§ ACTIVITY: Only the lines from the one containing "Ce papier d'emballage" through the end of the entries should be returned, exactly as they are, with the pictures omitted.

Dataset records
━━━━

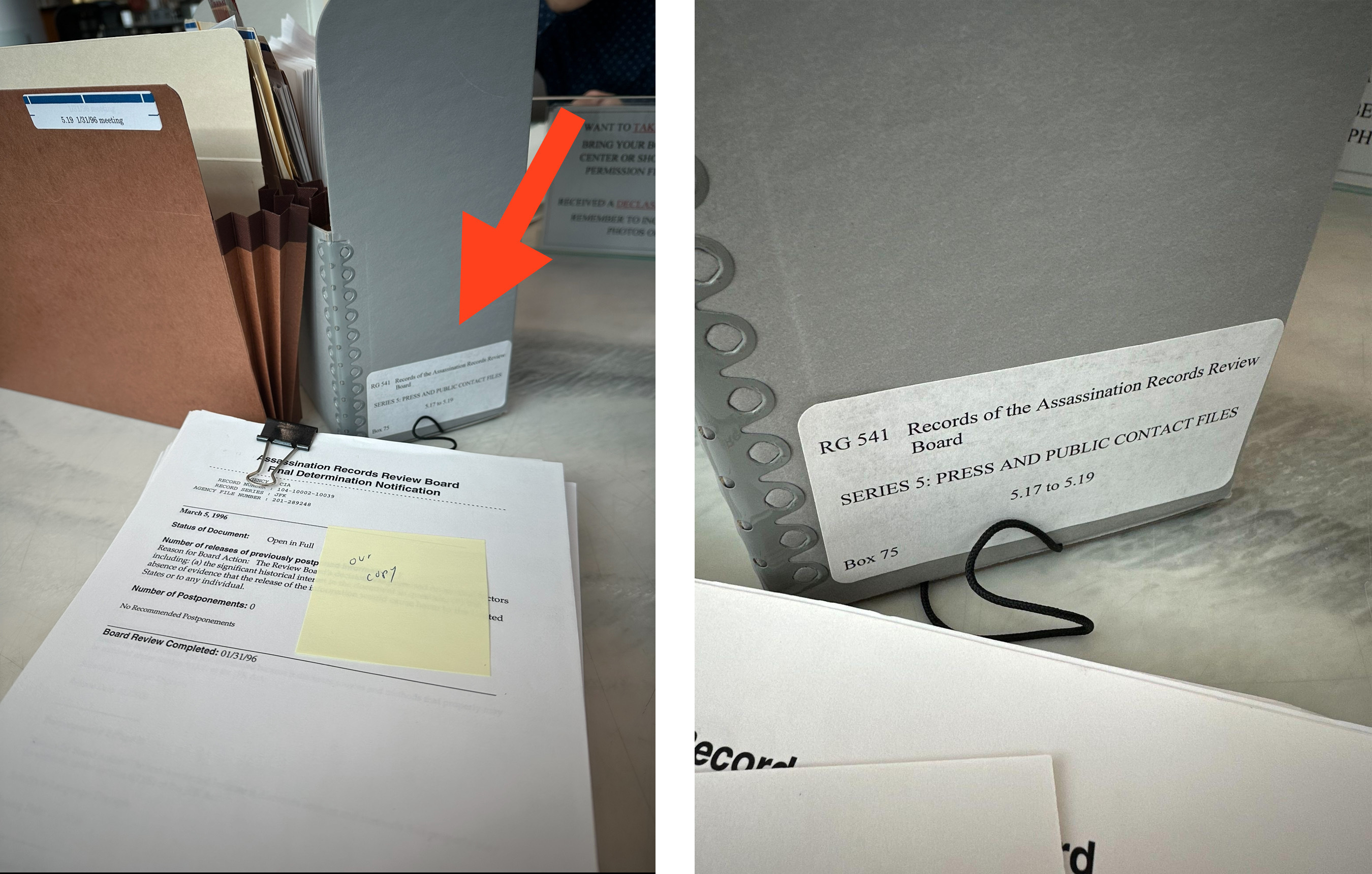 Fortunately, there were three boxes left to search on the bottom shelf of the cart and with only two boxes remaining, I quietly, but triumphantly declared “JACKPOT!!” to Paul and Jeff. A box full of ARRB Final Determinations opened like the Ark of the Covenant in Raiders of the Lost Ark.
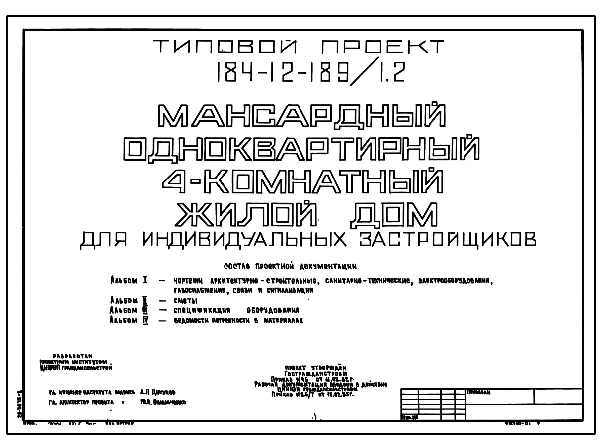 Типовой проект 184-12-189/1.2 Мансардный одноквартирный 4-комнатный жилой дом для индивидуальных застройщиков
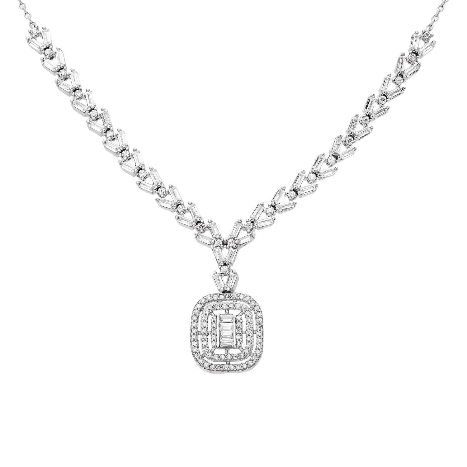 گردنبند نقره عیار ۹۲۵ شمیم سیلور با نگینهای باگت و زیرکونیا؛ مناسب مراسم رسمی و هدیهای لوکس. خرید از مجموعه زیورآلات شمیم سیلور.
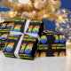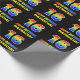 Ce papier d'emballage joyeux, coloré et amusant à thème d'anniversaire comporte un grand nombre de "16" et le message "HAPPY BANTHDAY", tous deux colorés avec un motif inspiré par un gradient de spectre arc-en-ciel, ainsi qu'un nom de destinataire personnalisé jaune gras. L'arrière - plan est noir de couleur. Un papier d’emballage amusant comme celui-ci peut être utilisé pour donner un cadeau ou un cadeau en l’honneur du 16e anniversaire de quelqu’un. [~Z0000475]
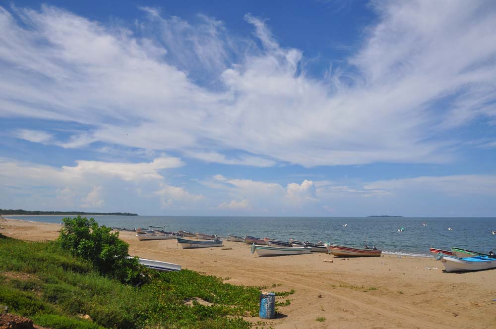 Boats wait on the beach. Our destination is the island in the distance. The gorgeous clouds really put this day over the top.
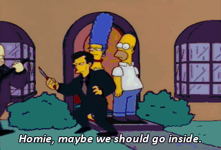 Homie, maybe we should go inside. But, Marge, that little guy hasn't done anything yet. Look at him. He's gonna do something, and you know it's gonna be good. Aw.
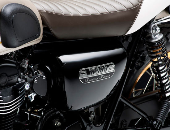 川崎公司宣布于2015年4月15日發(fā)售一款W800限量版,整體采用50-60年代的復(fù)古噴涂方案,以金屬米色為主導(dǎo)色調(diào),引擎為黑色。
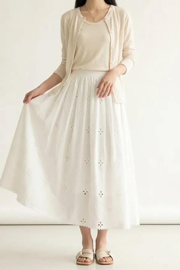 103.正韓 夏季必備燒花小白裙

━━━━

§ ANSWER SECTION:
 Ce papier d'emballage joyeux, coloré et amusant à thème d'anniversaire comporte un grand nombre de "16" et le message "HAPPY BANTHDAY", tous deux colorés avec un motif inspiré par un gradient de spectre arc-en-ciel, ainsi qu'un nom de destinataire personnalisé jaune gras. L'arrière - plan est noir de couleur. Un papier d’emballage amusant comme celui-ci peut être utilisé pour donner un cadeau ou un cadeau en l’honneur du 16e anniversaire de quelqu’un. [~Z0000475]
 Boats wait on the beach. Our destination is the island in the distance. The gorgeous clouds really put this day over the top.
 Homie, maybe we should go inside. But, Marge, that little guy hasn't done anything yet. Look at him. He's gonna do something, and you know it's gonna be good. Aw.
 川崎公司宣布于2015年4月15日發(fā)售一款W800限量版,整體采用50-60年代的復(fù)古噴涂方案,以金屬米色為主導(dǎo)色調(diào),引擎為黑色。
 103.正韓 夏季必備燒花小白裙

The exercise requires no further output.